Beyond the originality of its subject, this feature-length film also boasts a refined aesthetic. With its formalist Bresson-style mise-en-scène, characterized by the absence of any form of artifice, it's easy to sense that the director has chosen form over substance. The characters have difficulty becoming truly embodied and, as a result, the viewer finds it hard to become attached to them. In this respect, it's difficult to enter the film through a conventional channel - that of getting hooked on the narrative and the characters' adventures - not least because of the numerous ellipses making the narrative disjointed.

Seminarians is apprehended through aesthetic contemplation and the physiological feeling it provokes: a sense of unease and physical narrowness. The sensitive experience is conveyed by a 4:3 format, which makes the sequences narrow, almost immobile, and the rapid scenes featuring the seminarians lined up in their cassocks, devoid of context, verging more on the chillingly photographic than the filmic dimension, all enhanced by an absence of color. 

Hannah Arendt wrote in The Origins of TotalitarianismIt is in the very nature of totalitarian regimes to claim unlimited power. Such power can only be assured if literally all men, without exception, are securely dominated in every aspect of their lives«. Like this quotation, every aspect of the film is dominated by a dark lead, making the totalitarian experience sensorially accessible. The only emotion that runs through all the characters is a mute stupor. All know that the Faculty of Theology has been infiltrated, and while some collaborate, others resist, but always in silence.

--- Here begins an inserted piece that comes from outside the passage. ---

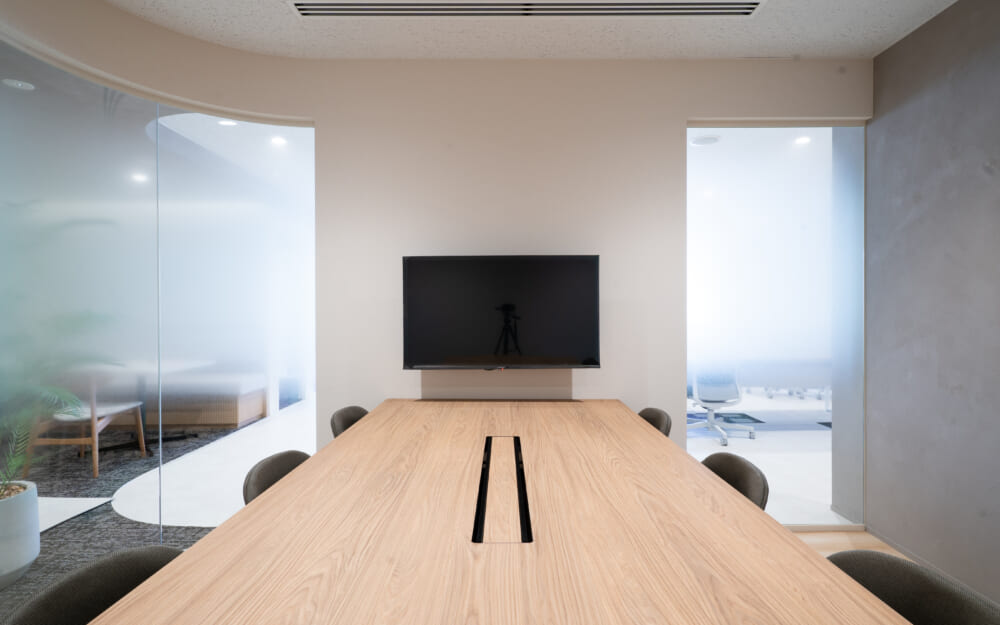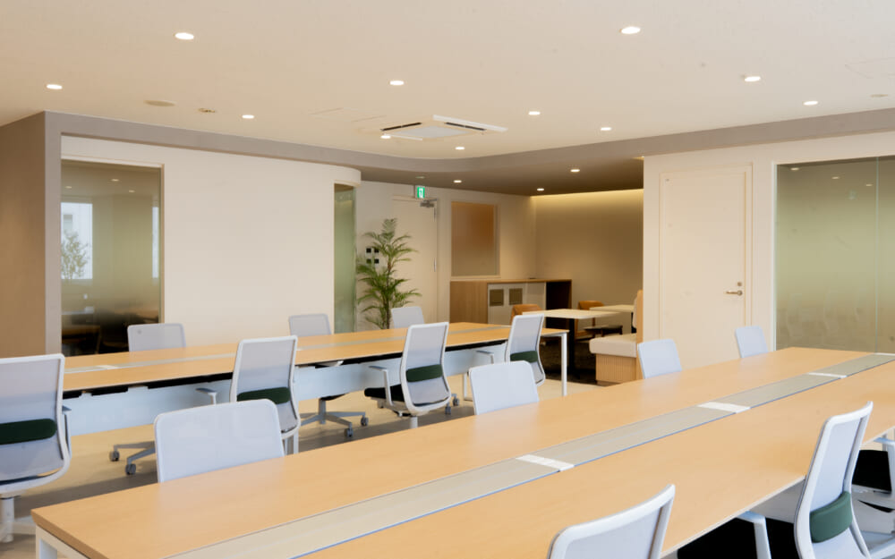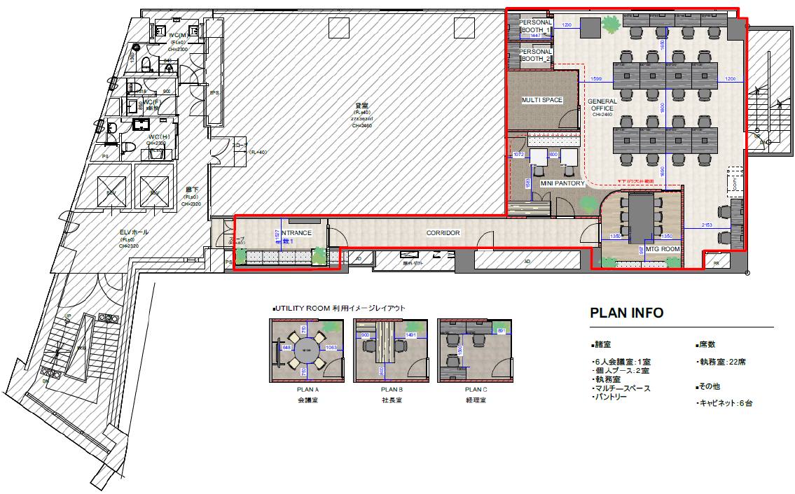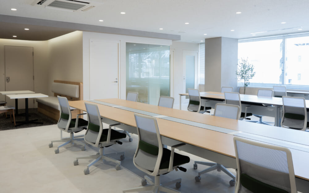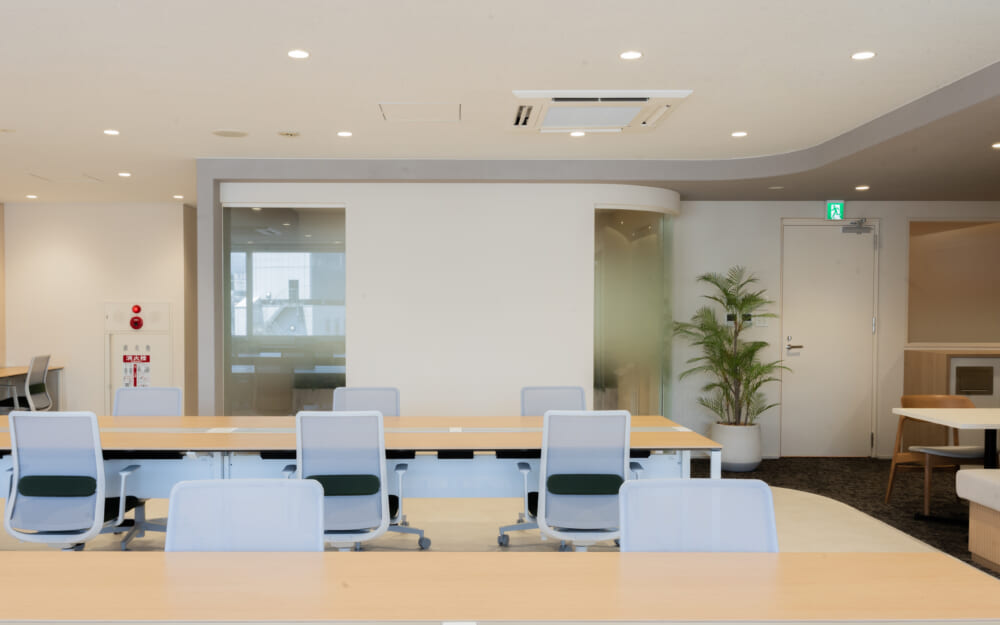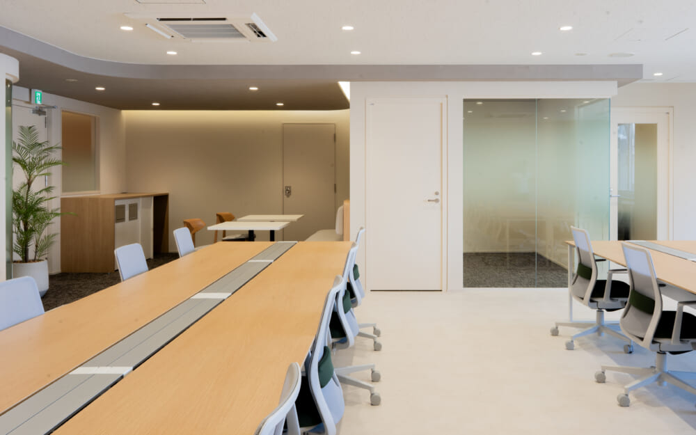 このエリアのセットアップオフィス、6名用の個室会議室と個室ブースが2ヵ所設置済み。執務室は22名でのご利用を想定。

With no emotional or physical outbursts, and sparing use of dialogue despite the heaviness of the atmosphere, the bodies remain docile under domination. The perfectly sculpted black and white sucks out any hint of hope, making the atmosphere all the more strange and eerie. In this way, the film restores the attribute total of the totalitarian regime by insinuating itself into all its instances. The entire set-up becomes entangled in the immobility characteristic of terror, insofar as thought and movement are trained to remain within the frame.

Moral dilemma

British screenwriter Rebecca Lenkiewicz, who worked on the film, had already made religion a central issue in two of her other screenplays co-written with the directors: Ida (2013) by Pawel Pawlikowski and Disobedience by Sebastián Lelio (2017). The first tells the story of a young nun in 60s ultra-Catholic Poland who learns of her Jewish origins before taking her vows. What follows is a search for her identity outside the convent, in a secular discovery of carnal pleasure and jazz that will make her doubt her faith and the price to be paid for the sacrifices that await her. The second features two young women in love in a Jewish-Orthodox community. Here again, faith is shaken and challenged by an external event.

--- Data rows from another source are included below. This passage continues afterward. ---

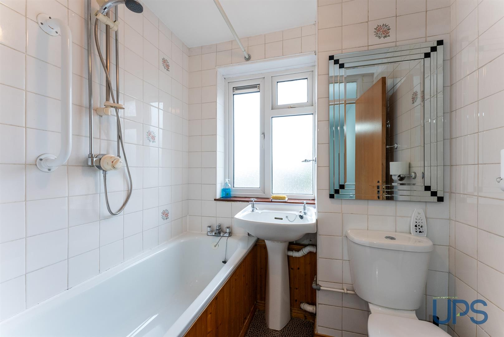 Panelled bath, pedestal wash hand basin, low flush w.c, tiling, thermostatically controlled shower unit.
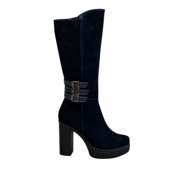 Класичні жіночі чоботи з натуральної замші синього кольору, декоровані шкіряними ремінцями на халяву є широка вшита гумка збоку чобота для додаткового об'єму гомілки, гарні зручні, практичні та стильні на високому стійкому підборі. Об'єм гомілки можна замовити для будь-якого розміру.
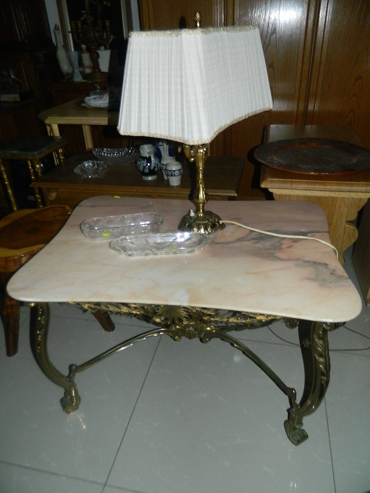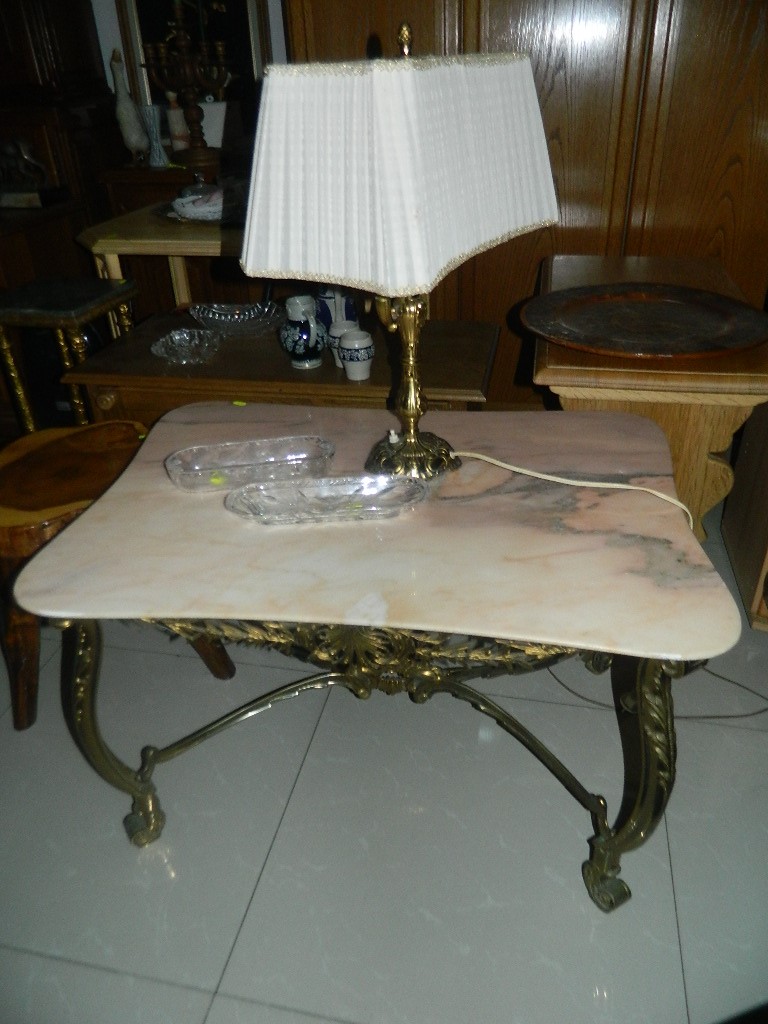 masa cu marmura roz estompat si dantela din bronz,ca postament/////

Without falling into a clichéd picture of a backward, traditionalist religion, these two feature-length films question freedom of choice, whether secular or religious, without taking sides. As Pawel Pawlikowski said of’IdaPoland has a special relationship with the Catholic religion, having suffered the occupation of Orthodox Russians and Protestant Prussians. It has become the bedrock of its national identity, at the risk of forgetting what is universal and transcendental in Christianity«. 

In Seminarians, It's a story of freedom of religion, no longer a choice, but a struggle to rediscover the universality and transcendence of Christianity, the transcendence of pure faith. It's also a story of friendship that gradually unravels, one having chosen the path of resistance, the other whose courage is atrophied by fear. A struggle to regain spirituality and freedom, achieved through pain.